His limbs had been aching for some time, but he had ignored it in the need to push on. Now the burden of it fell full on him, a bone-deep ache that made him want to moan aloud. To keep from it, he waited until the chill relaxed enough to let him speak, then called to Murray.
“You are familiar with Dismal Town yourself, sir? You’ve been there?”
“Now and again, aye.” He could see Murray, a dark silhouette crouched by the fire, and hear the chink of metal on stone. “It’s verra aptly named.”
“Ha,” William said weakly. “I daresay. And h-h-have you met a Mr. Washington, by chance?”
“Five or six of them.

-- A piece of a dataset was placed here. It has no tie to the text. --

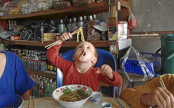 Bidaian eragin handia izan duen beste zerbait familia osoaren presentzia izan da: «Haurrekin zeharo ezberdina da, irekitze bat dira. Toki batera heltzen zarelarik, haurrak baldin badituzu, jendea oraindik gehiago etortzen da. Eta baduzularik ile horia duen hiru urteko haur bat, gehiago oraindik! Iranen jendea haurraren ilea hunkitzera etortzen zen, irringarria zen!». Bidaian zehar atentzioa ematen zutela onartu du, Turkian, esaterako, turista japoniarrek argazkiak beraiei ateratzen zizkietela bota du irribarretsu.

The general’s got a good many cousins, aye?”
“General Washington. Ye’ve heard of him, maybe?” There was a distinct hint of amusement in the Scottish Mohawk’s voice.
“I have, yes. But—surely that…” This made no sense. His voice trailed off, and he rallied, forcing his drifting thoughts back into coherence. “It is a Mr. Henry Washington. He is kin to the general, too?”
“So far as I ken, anyone named Washington within three hundred miles is kin to the general.” Murray stooped to his bag, coming out with a large furry mass, a long, naked tail dangling from it. “Why?”
“I—nothing.” The chill had eased, and he drew a grateful breath, the knotted muscles of his belly relaxing. But the faint threads of wariness were making themselves felt through puzzlement and the gathering fog of fever. “Someone told me that Mr. Henry Washington was a prominent Loyalist.”
Murray turned toward him in astonishment.
“Who in Bride’s name would tell ye that?”
“Plainly someone grossly mistaken.” William pressed the heels of his hands against his eyes. His wounded arm hurt. “What is that thing? Possum?”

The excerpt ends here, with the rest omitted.